Watching the trailer for Katy Perry's movie, Part of Me, raised a lot of questions: Why is this movie in 3D? Why does it exist? Why am I forced to watch this in the theater for Moonrise Kingdom? Why God, why?

But what I wondered most is why the preview totally ignores Perry's fundamental nastiness.

In the film, Perry's life story is somehow twisted into an inspiration for young females. Why they'd want to be a "firework" is a pertinent question, because those explode and fizzle out into nothingness. But besides that, Katy Perry is about as good a role model as Charles Manson or Hunter S. Thompson, or fuck it, even me (read: those are not good role models).

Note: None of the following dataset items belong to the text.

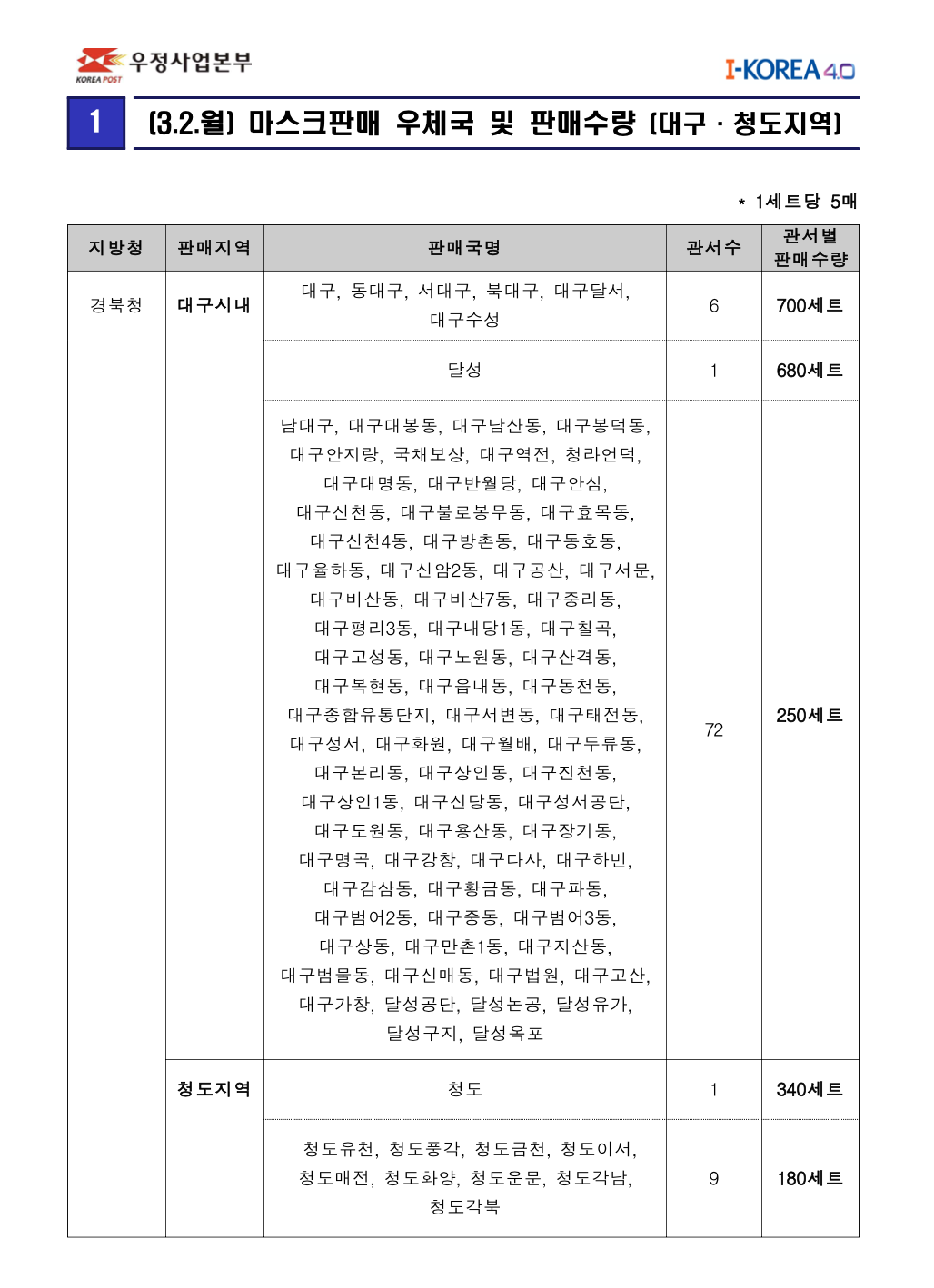 | 3월 4일 공적마스크 판매처 (하나로마트, 우체국) (0) | 2020.03.03 |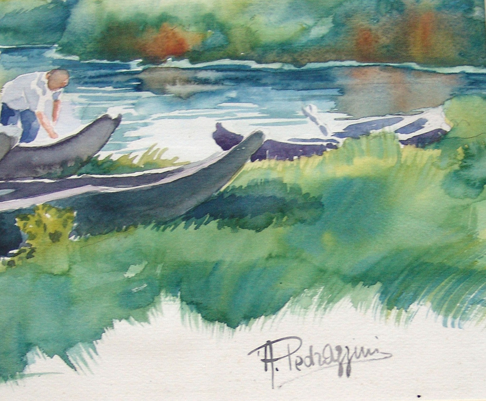 Aurelio Pedrazzini 1927, Milano (Mi) - [Italia] In barca sul fiume acquerello...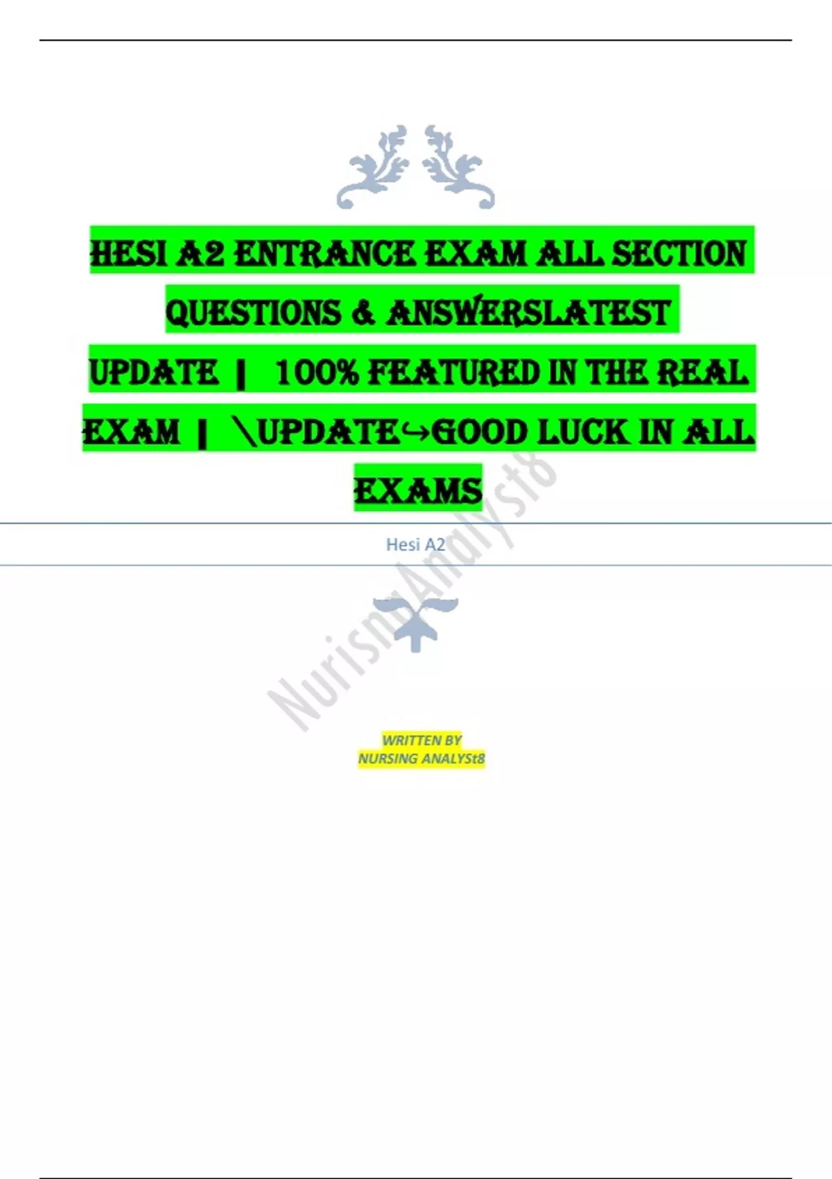 hesi a2 entrance exam all section questions amp answers latest update| 100 featured in the real exam| update↪good luck in all exams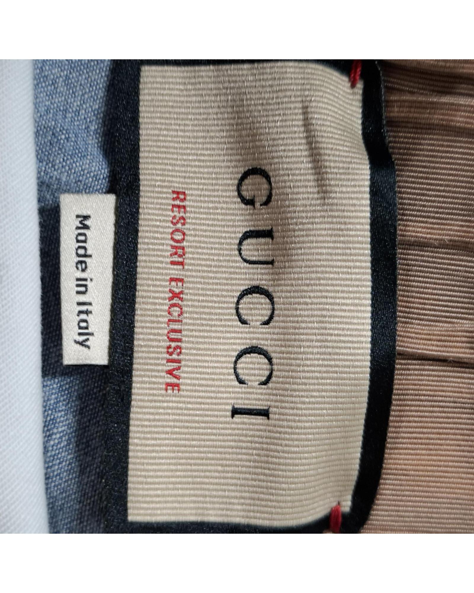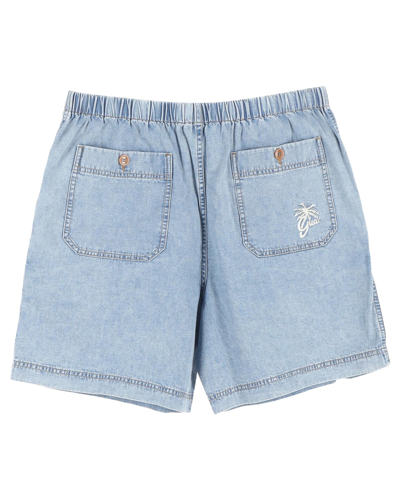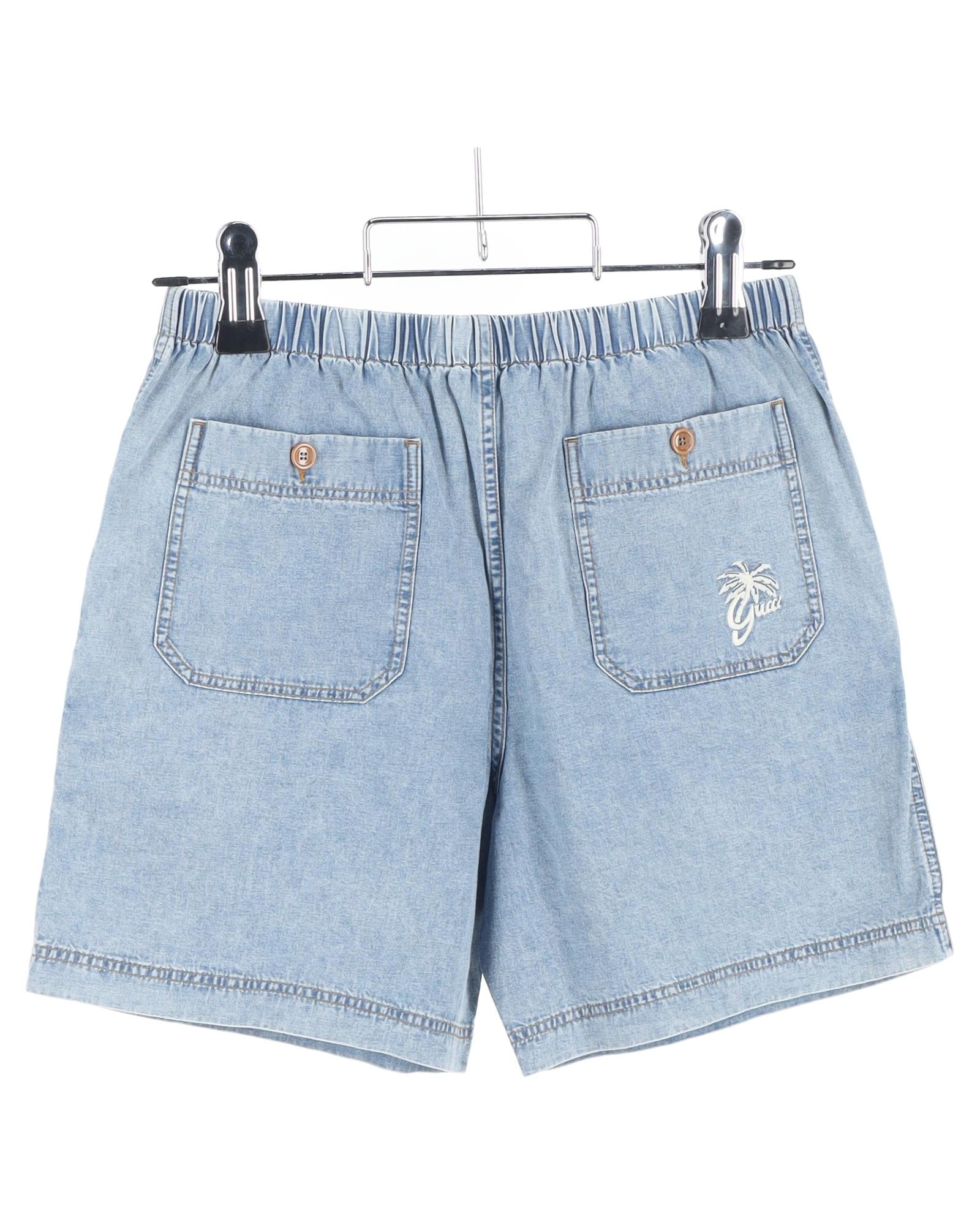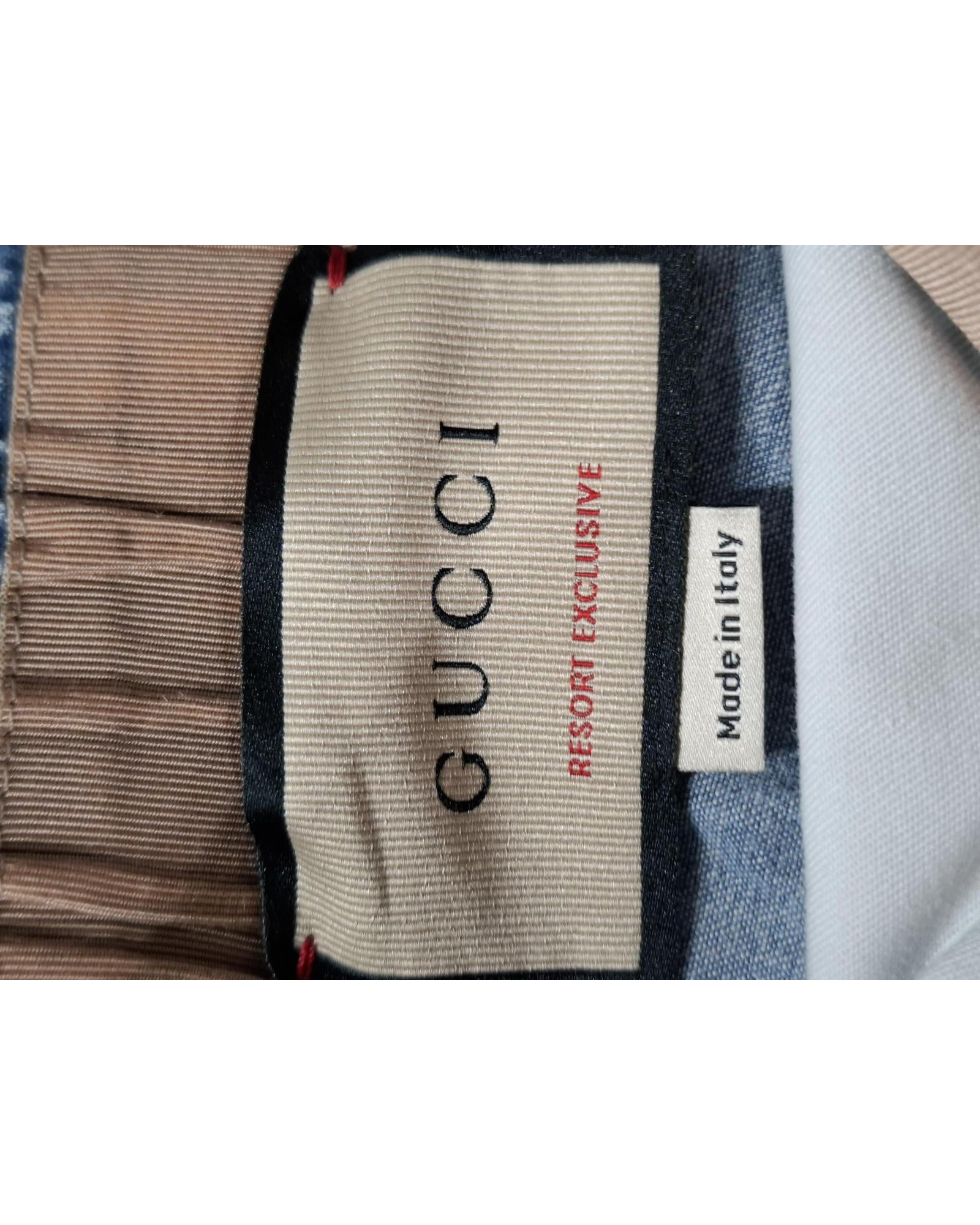 - Gucci Logo Print Drawstring Shorts in Blue Cotton Denim

Judging from her lyrics, Perry really likes sex. And there's nothing wrong with that, right? But so does Sasha Grey, and at least the pornstar reads Jean-Paul Satre. If I had to choose who to talk to over coffee, it wouldn't be the Teenage Dream queen -- there's just no substance there (plus, Sasha Grey's into music). I can't imagine even chatting with Perry, so the idea of taking advice of any kind from Perry is the juice of nightmares, especially sex advice. Let me explain.

Peacock

I'm divided if this song is genius or middle school lunch hour (considering Katy Perry penned a song called "Ur So Gay," I'm thinking the latter.) But Katy almost found a way to say "cock" on the radio, once again proving how incredibly stupid the Federal Communications Commission is. Can we fire these airwave hawks already and take back a tiny shred of the First Amendment? The FCC won't let the Rolling Stones sing "You're a starfucker" but just because she doesn't say the word, Katy can babble on about how eager she is to gaggle at a C-O-C-K.

Turns out, this song is full of terrible, terrible advice. Obviously, in the song, Katy has just loaded up at the bar and probably popped a couple Valiums. Now she's as horny as a jackrabbit on Viagra and has just got to see the goods before she commits to dragging this cornered loser home. But don't do it, man! If a girl asks you to whip out your lizard in public, you could be slapped with all kinds of fines, risk a minimum of six years in prison and even end up on one of those pedo lists.

In fact, the laws in this backwards country are so fucked up, you can get on one of those lists just for taking a tinkle in public. Can you imagine? I piss in public all the time, once even spraying my urine all over a ragtop convertible Mercedes-Benz. I was very, very pissed (as in drunk), but I didn't get caught, so my mugshot won't be mailed to my new neighbors every time I move. You, however, should not heed Katy's lust-filled, drunken advice. Like your alcoholic aunt might say if she catches you groping a girl at a pool party, "Get a fucking room, you shitheads. And use a fucking condom." Last Friday Night (T.G.I.F.)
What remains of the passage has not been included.